A bracing system is a secondary but essential part of a bridge structure. A bracing system serves to stabilize the main girders during construction, to contribute to the distribution of load effects and to provide restraint to compression flanges or chords where they would otherwise be free to buckle laterally. This article provides guidance on the design of bracing systems; additional guidance is available in Guidance Note 1.03 and Section 8.2 of SCI P356.
Typical bracing systems
The figure below illustrates the general arrangement of a typical torsional bracing system for a multi-girder deck. The intermediate bracing can be triangulated as shown or a stiff beam with moment-resisting connections to the main girders. There are alternative bracing types for multi-girder decks, and these are discussed later.
What does bracing do?
Bracing provides one or more of the following functions:
Control of buckling of the main beams
The most common reason for providing bracing on a steel-concrete composite bridge is for the control of buckling in the main beams during construction. In composite bridges, the weight of wet concrete imposes significant bending of the bare steel beams and the compression flange needs to be restrained against buckling (in the direction of the minor axis). When completed, the concrete deck provides lateral restraint to the top flanges along the full length of the bridge and then the only portions of the beams that tend to buckle are the bottom flanges in the hogging regions adjacent to intermediate supports.
In an unrestrained beam, the compression flanges of the main beams tend to buckle horizontally, causing the beam to twist – so called lateral torsional buckling. This can be resisted by bracing that provides either direct lateral restraint to the compression flanges or torsional restraint to the whole beam.
A small tonnage of steel bracing can be used to provide huge increases in the bending resistance of the main beams.

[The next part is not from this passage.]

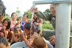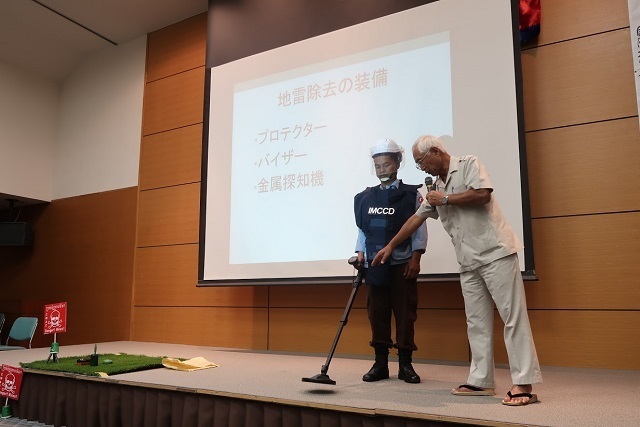 The locals are producing potato-based vodka ("shochu" in Japanese) labeled "Sora Khmer" made of cassava planted at fields where mines were removed. We are providing technical advices to improve its quality and increase sales. We are looking at high-quality brewing and hope to see the drink made from the previous minefield becomes a proud of Cambodia and symbol of peace.

Since bracing connects beams, it can be used to distribute the vertical bending effects between the main beams, and to ensure that lateral effects such as wind loading and collision loading are shared between all the beams. This sharing is particularly important at lines of support, where the effects of the lateral loads are often resisted at one fixed or guided bearing (depending on the chosen articulation system).
In steel composite bridges during the "steel only" condition during construction, the main beams are particularly susceptible to wind loading. Bracing can be used to share loading between the beams so that the windward beam is not carrying the entire wind load.

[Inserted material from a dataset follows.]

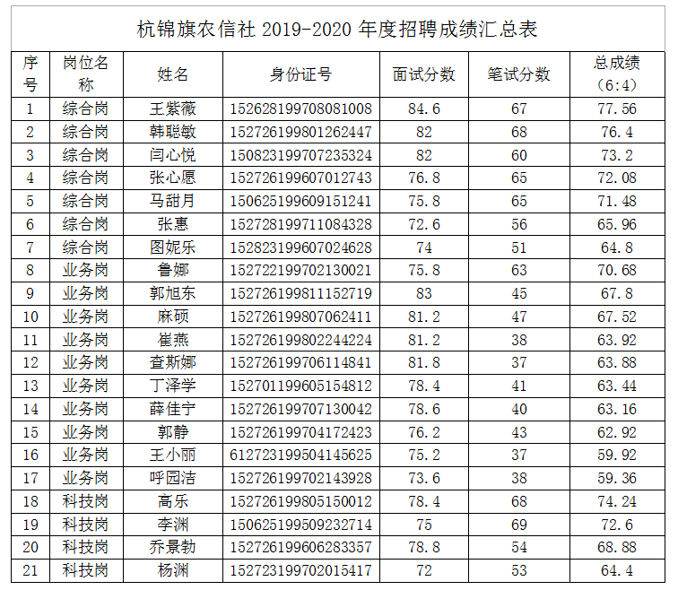 根據(jù)《內(nèi)蒙古農(nóng)村信用社2019-2020年度全區(qū)法人機構(gòu)應(yīng)屆高校畢業(yè)生校園招聘簡章》要求,杭錦旗農(nóng)村信用合作聯(lián)社2019—2020年度校園招聘面試筆試全部結(jié)束,現(xiàn)將成績公告如下:

In bridges curved in plan, bracing can provide the ‘radial’ component of force that is consequence of the changing direction of the curved flange. The effective couple of the forces at tension and compression flanges is resisted by additional vertical bending effects in the connected beams.
Bridges over highways or waterways may need to be designed for collision loads on the soffit. Over highways a soffit collision loading applies when the clearance is less than 5.7m (see the accidental actions in EN 1991-1-7, and its UK National Annex). It is unlikely that a single main girder can resist the substantial loads without a bracing system to transfer forces to the remainder of the structure.
Load transfer may not always be desirable. The existence of bracing can affect the load distribution in a structure and the bracing itself can attract significant forces, particularly when a bridge deck is not equally loaded across its width. Bracing is usually much less substantial than the main girders and care is needed to ensure the bracing is not overloaded, and is not vulnerable to fatigue effects.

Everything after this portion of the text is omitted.